+++ Exercise input +++
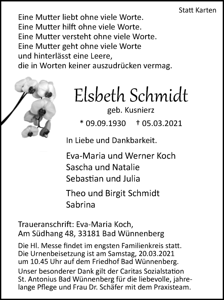 Hier finden Sie alle Traueranzeigen aus der Zeitung, die bisher für Elsbeth Schmidt erschienen sind. Weitere Traueranzeigen, die in der Zeitung erscheinen, werden hier ebenfalls aufgelistet
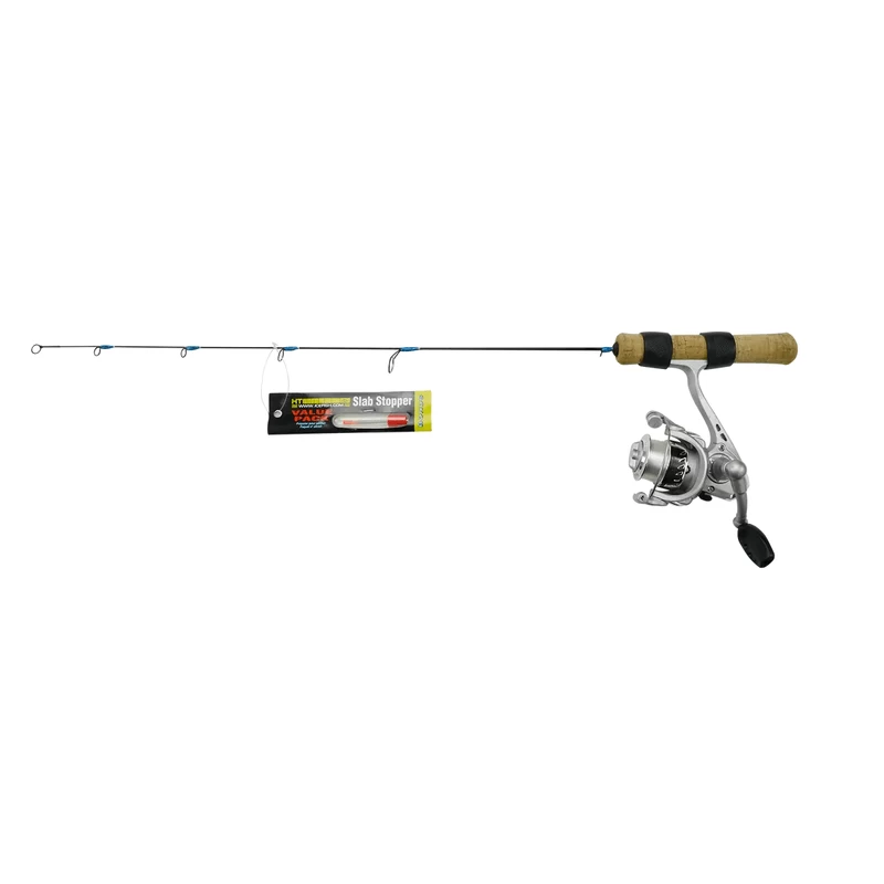 Slab Stopper ice combo features graphite composite blank, lightweight, black anodized wire guides and genuine cork handle with reel seat rings and hook keeper. Comes paired with two bearing, infinite anti-reverse Accu-Cast style spinning reel pre-spooled with line.
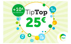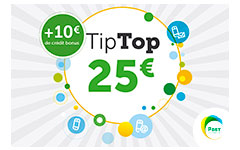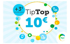 2. Bonus: Bei jedem Kauf eines TipTop 10 € / 15 € / 25 € / 100 €-Set erhalten Sie je nach gewähltem Set ein Bonusguthaben von 3 bis 25 €. Dieser Bonus wird automatisch dem Guthabenstand des Kunden gutgeschrieben. Nach Ablauf der Gültigkeitsdauer des Guthabens ohne erneute Aufladung verfallen Guthaben und Bonus. Diese Boni können für den Kauf der 2-GB- oder 8-GB-Data-Optionen, für den Versand von SMS oder für Anrufe verwendet werden. Diese Boni werden bei jedem erneuten Aufladen von TipTop erneuert. Die Boni können nicht für den Kauf von mobilen Geräten oder Zubehör verwendet werden.
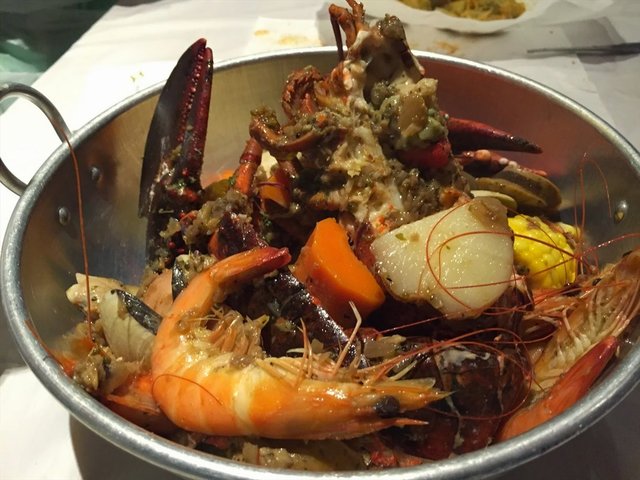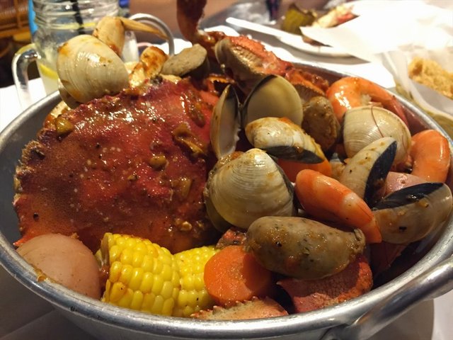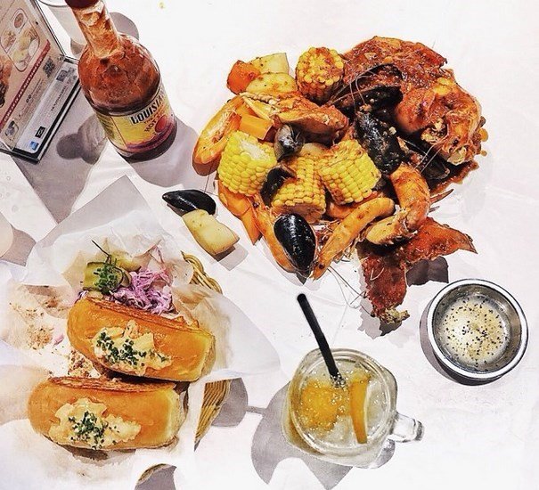 The place was pretty empty for a Saturday afternoon. We were showed to a booth table at the far end as it was one of the available pre-covered with disposable cover. There was also tissue paper and spicy hot sauce available on the table. Remember to help yourself to the plain water at the counter. Hand wash area was just next to the kitchen.Combo Bag #02 ($40++)350 grams prawns, 250 grams mussels, 300 grams clams, corn, sausagesserved with Beurre Blanc sauceWhen the food was served, we had the option to serve in the pot or pour everything onto the table. We decided to have everything on the table. The sauce was rich and creamy, went quite well with the seafood. The sausages were a tab spicy. The corn was quite juicy. The seafood was big and juicy.Washed everything down with a glass of Pink Thyme Lemonade ($4++).…查看更多
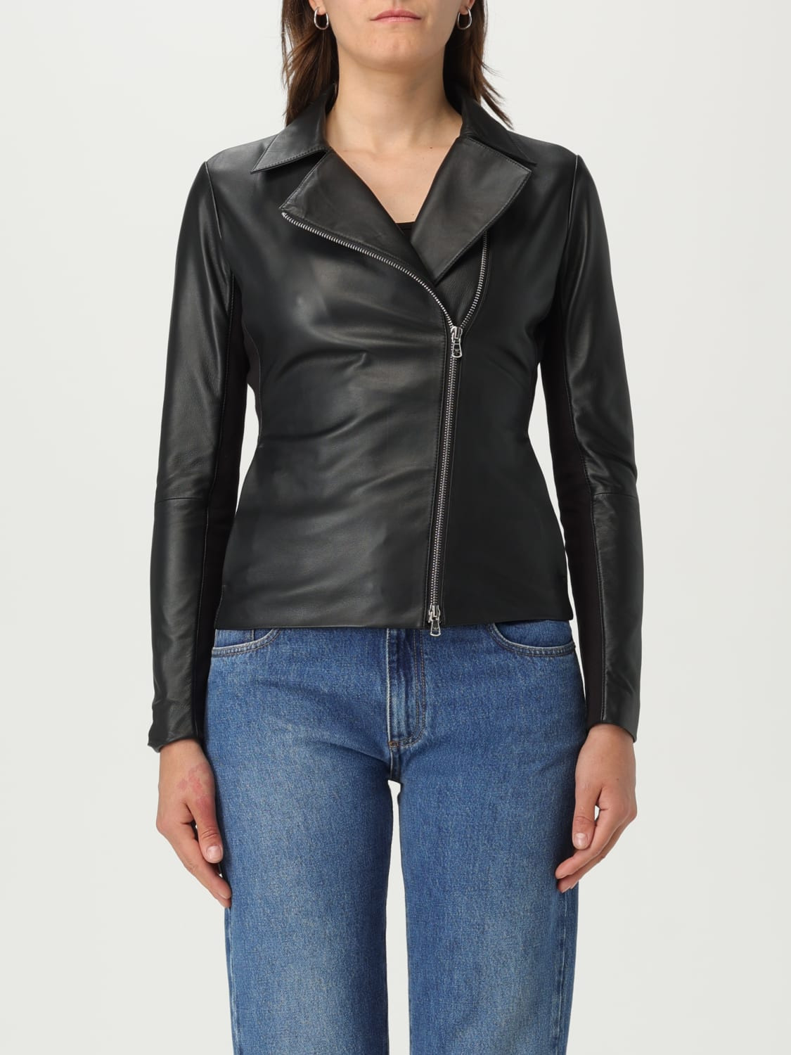 DESCRIPTION - Style: Rock - Shoulders: Regular - Sleeves: Long - Closure: With zip - Bottom: With straight hemline - Neck: Biker - Length: Short jackets - Materials: Leather - Pattern: Plain-colored DETAILS AND CARE Composition LEATHER 100% SIZE AND FIT Sizes not available Size and fit Slim fit Designer code: 0NB10P02P 15999 Giglio Code: G80120 Designer: Emporio Armani Collection: Emporio Armani Woman Category: Clothing Emporio Armani
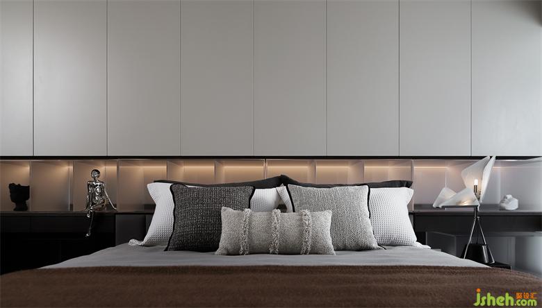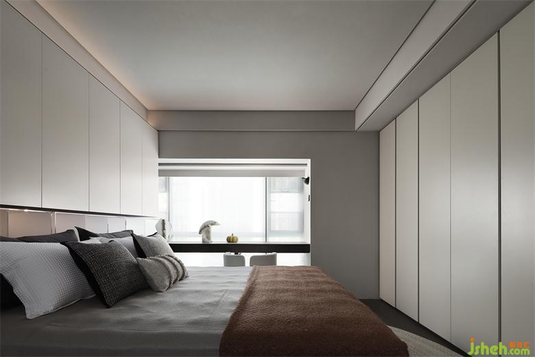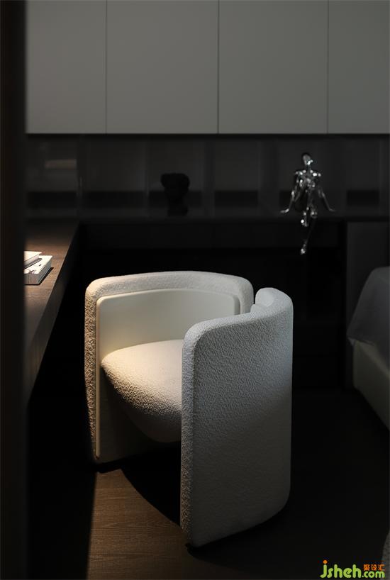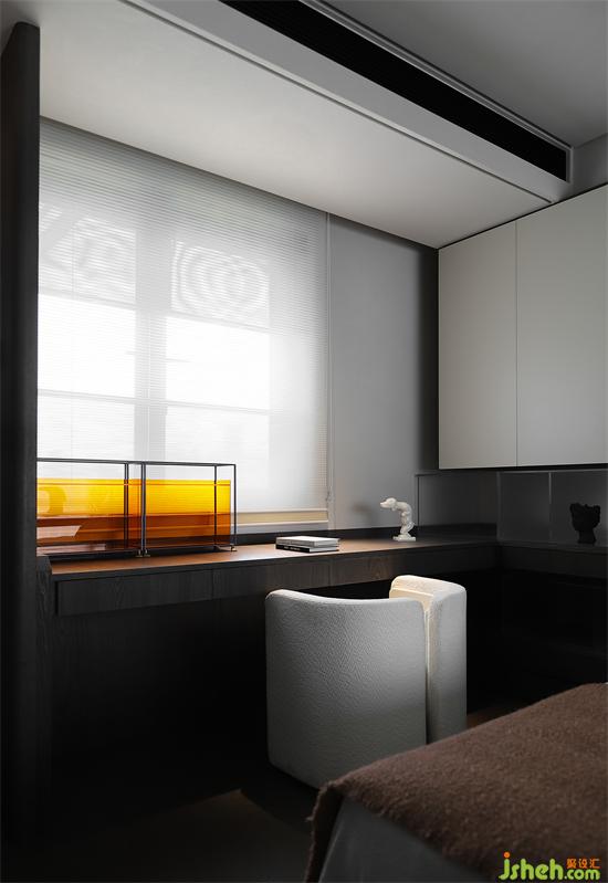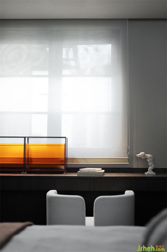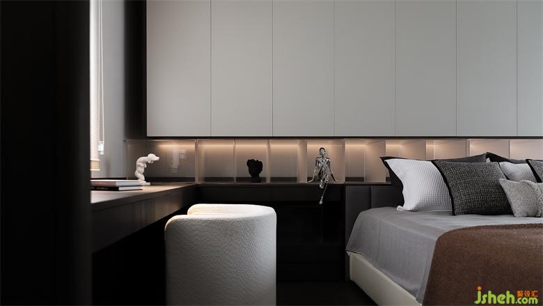 次臥的設(shè)計,家裝設(shè)計手法表現(xiàn)了簡潔和留白的意境,同時通過天花斜頂?shù)脑O(shè)計完美包攬了天花反梁對風(fēng)水的破壞,形成了舒適的美學(xué)體驗(yàn)和濃重的藝術(shù)氛圍,木飾面的護(hù)墻板與寫字臺連成一體,完成畫面完整并功能保持和諧共處,空間功能動線合理交織又各自獨(dú)立,自然的光與影對材質(zhì)肌理的表達(dá)呈現(xiàn)出淋漓盡致的觀賞感。
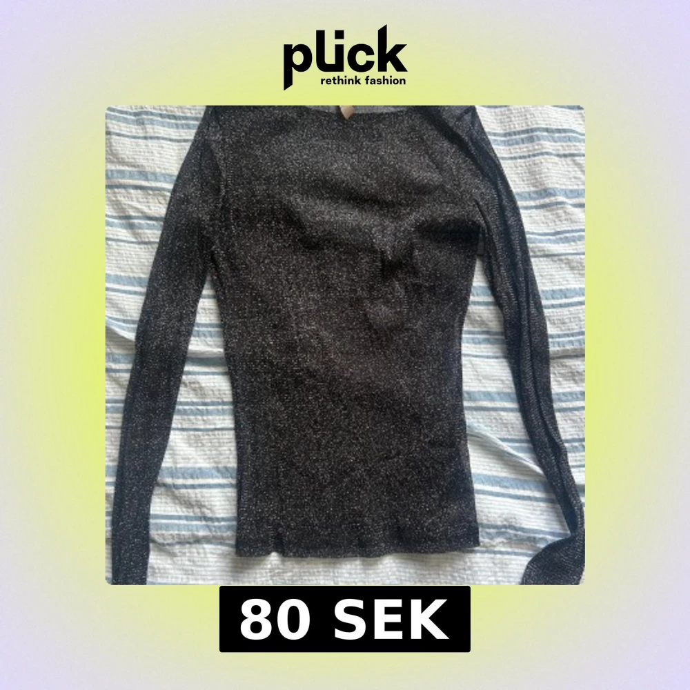 Snygg svart långärmad mesh topp med glittrigt tyg som ger en festlig vibe. Figurnära passform och stretchigt tyg som sitter snyggt på kroppen. Knappt använd💕
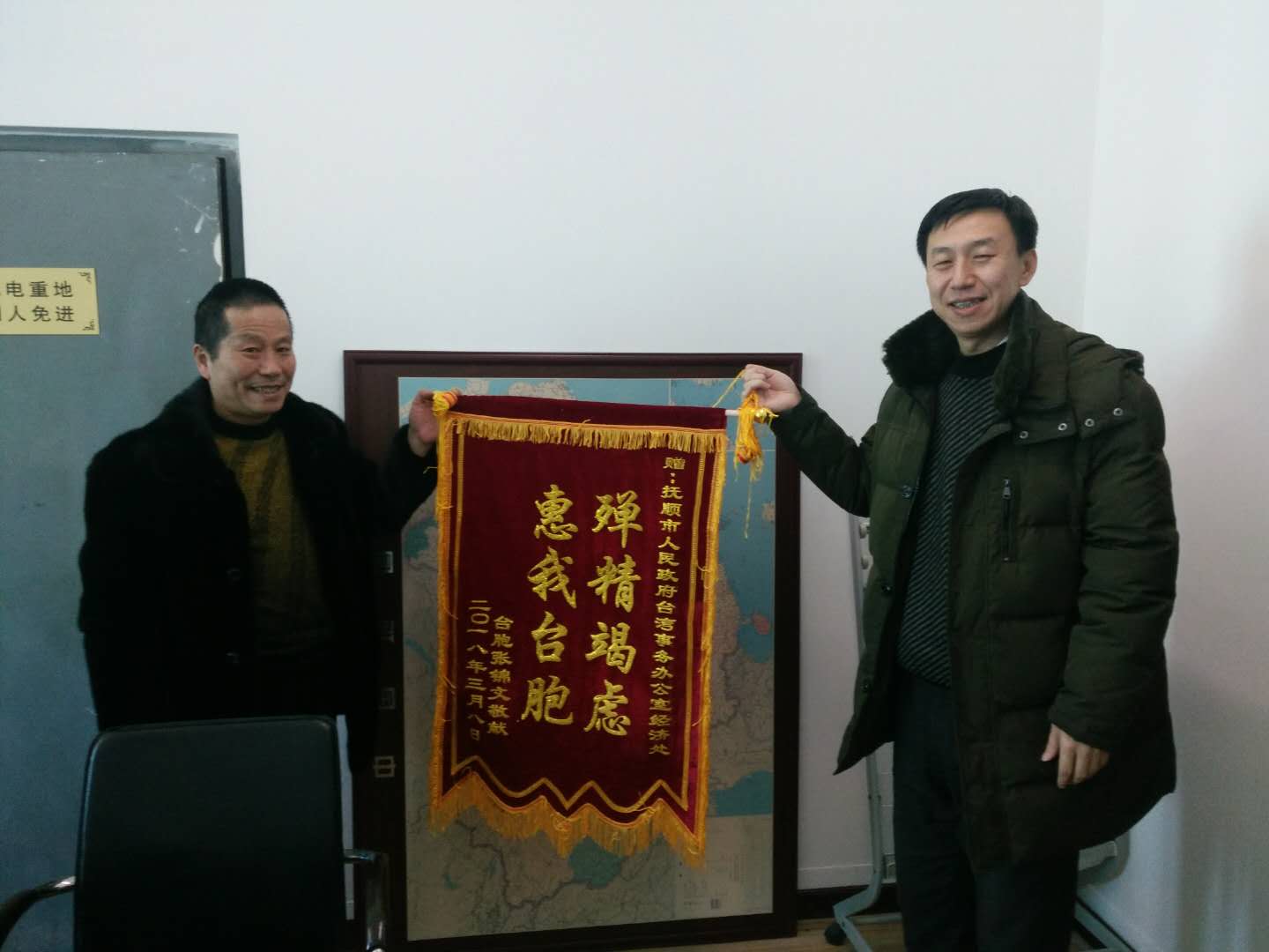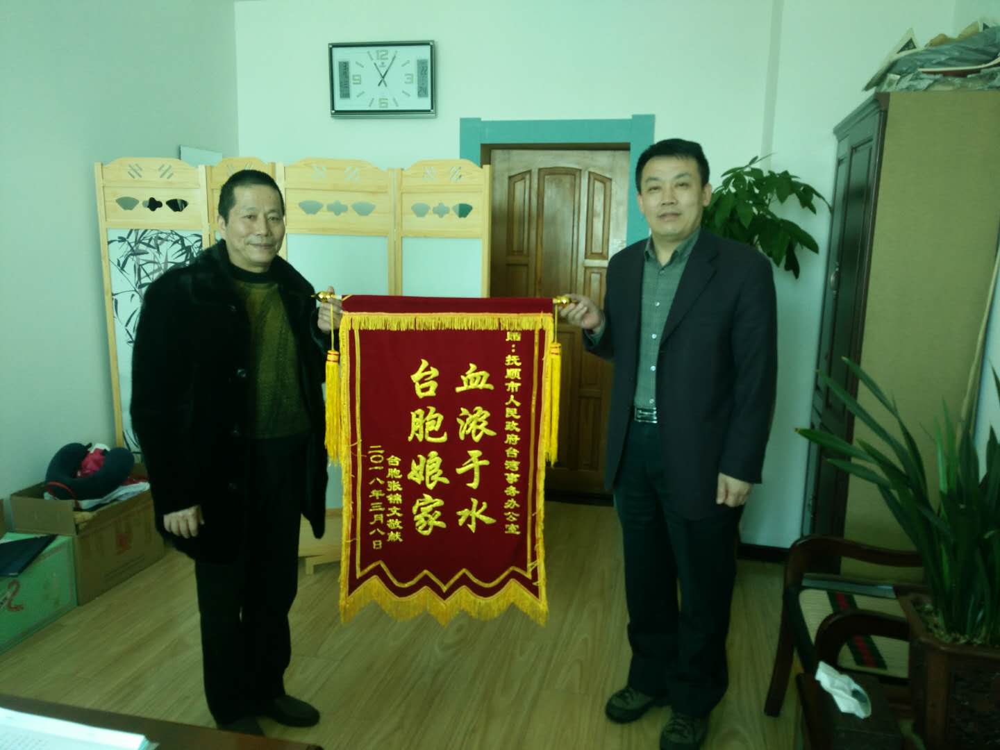 圖為張錦文先生向撫順市臺(tái)辦贈(zèng)送錦旗,表達(dá)作為臺(tái)胞的他與撫順市血濃于水的感情和謝意
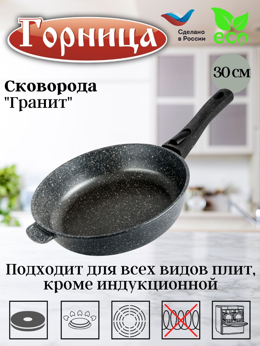 Литая алюминиевая сковорода с антипригарным покрытием – оригинальная посуда ТМ Горница, которая подходит для газовых, электрических, стеклокерамических плит. Необходима для приготовления различных продуктов: мяса, овощей, рыбы и т.д. «Гранит». Коллекция «мраморной посуды» с улучшенным четырёхслойным антипригарным покрытием. Дополнительный слой с мраморным эффектом увеличивает износостойкость и создаёт оттенок чёрного мрамора. Сковорода литая изготовлена из пищевого алюминия без канцерогенных веществ. Антипригарная сковорода имеет толстые стенки и утолщенное дно, что способствует равномерному распределению тепла и создает благоприятные условия для качественного процесса готовки. Антипригарное покрытие на водной основе не содержит вредных химических соединений. Посуда металлическая имеет гладкую поверхность, что облегчает процесс мытья. Сковорода со съёмной ручкой применяется в духовом шкафу. Ручка для сковороды из бакелита не нагревается и не выскальзывает из рук.
+++
[Your task]: All of the material above should be copied exactly, minus the pictures.

[Exercise answer]:
 Hier finden Sie alle Traueranzeigen aus der Zeitung, die bisher für Elsbeth Schmidt erschienen sind. Weitere Traueranzeigen, die in der Zeitung erscheinen, werden hier ebenfalls aufgelistet
 Slab Stopper ice combo features graphite composite blank, lightweight, black anodized wire guides and genuine cork handle with reel seat rings and hook keeper. Comes paired with two bearing, infinite anti-reverse Accu-Cast style spinning reel pre-spooled with line.
 2. Bonus: Bei jedem Kauf eines TipTop 10 € / 15 € / 25 € / 100 €-Set erhalten Sie je nach gewähltem Set ein Bonusguthaben von 3 bis 25 €. Dieser Bonus wird automatisch dem Guthabenstand des Kunden gutgeschrieben. Nach Ablauf der Gültigkeitsdauer des Guthabens ohne erneute Aufladung verfallen Guthaben und Bonus. Diese Boni können für den Kauf der 2-GB- oder 8-GB-Data-Optionen, für den Versand von SMS oder für Anrufe verwendet werden. Diese Boni werden bei jedem erneuten Aufladen von TipTop erneuert. Die Boni können nicht für den Kauf von mobilen Geräten oder Zubehör verwendet werden.
 The place was pretty empty for a Saturday afternoon. We were showed to a booth table at the far end as it was one of the available pre-covered with disposable cover. There was also tissue paper and spicy hot sauce available on the table. Remember to help yourself to the plain water at the counter. Hand wash area was just next to the kitchen.Combo Bag #02 ($40++)350 grams prawns, 250 grams mussels, 300 grams clams, corn, sausagesserved with Beurre Blanc sauceWhen the food was served, we had the option to serve in the pot or pour everything onto the table. We decided to have everything on the table. The sauce was rich and creamy, went quite well with the seafood. The sausages were a tab spicy. The corn was quite juicy. The seafood was big and juicy.Washed everything down with a glass of Pink Thyme Lemonade ($4++).…查看更多
 DESCRIPTION - Style: Rock - Shoulders: Regular - Sleeves: Long - Closure: With zip - Bottom: With straight hemline - Neck: Biker - Length: Short jackets - Materials: Leather - Pattern: Plain-colored DETAILS AND CARE Composition LEATHER 100% SIZE AND FIT Sizes not available Size and fit Slim fit Designer code: 0NB10P02P 15999 Giglio Code: G80120 Designer: Emporio Armani Collection: Emporio Armani Woman Category: Clothing Emporio Armani
 次臥的設(shè)計,家裝設(shè)計手法表現(xiàn)了簡潔和留白的意境,同時通過天花斜頂?shù)脑O(shè)計完美包攬了天花反梁對風(fēng)水的破壞,形成了舒適的美學(xué)體驗(yàn)和濃重的藝術(shù)氛圍,木飾面的護(hù)墻板與寫字臺連成一體,完成畫面完整并功能保持和諧共處,空間功能動線合理交織又各自獨(dú)立,自然的光與影對材質(zhì)肌理的表達(dá)呈現(xiàn)出淋漓盡致的觀賞感。
 Snygg svart långärmad mesh topp med glittrigt tyg som ger en festlig vibe. Figurnära passform och stretchigt tyg som sitter snyggt på kroppen. Knappt använd💕
 圖為張錦文先生向撫順市臺(tái)辦贈(zèng)送錦旗,表達(dá)作為臺(tái)胞的他與撫順市血濃于水的感情和謝意
 Литая алюминиевая сковорода с антипригарным покрытием – оригинальная посуда ТМ Горница, которая подходит для газовых, электрических, стеклокерамических плит. Необходима для приготовления различных продуктов: мяса, овощей, рыбы и т.д. «Гранит». Коллекция «мраморной посуды» с улучшенным четырёхслойным антипригарным покрытием. Дополнительный слой с мраморным эффектом увеличивает износостойкость и создаёт оттенок чёрного мрамора. Сковорода литая изготовлена из пищевого алюминия без канцерогенных веществ. Антипригарная сковорода имеет толстые стенки и утолщенное дно, что способствует равномерному распределению тепла и создает благоприятные условия для качественного процесса готовки. Антипригарное покрытие на водной основе не содержит вредных химических соединений. Посуда металлическая имеет гладкую поверхность, что облегчает процесс мытья. Сковорода со съёмной ручкой применяется в духовом шкафу. Ручка для сковороды из бакелита не нагревается и не выскальзывает из рук.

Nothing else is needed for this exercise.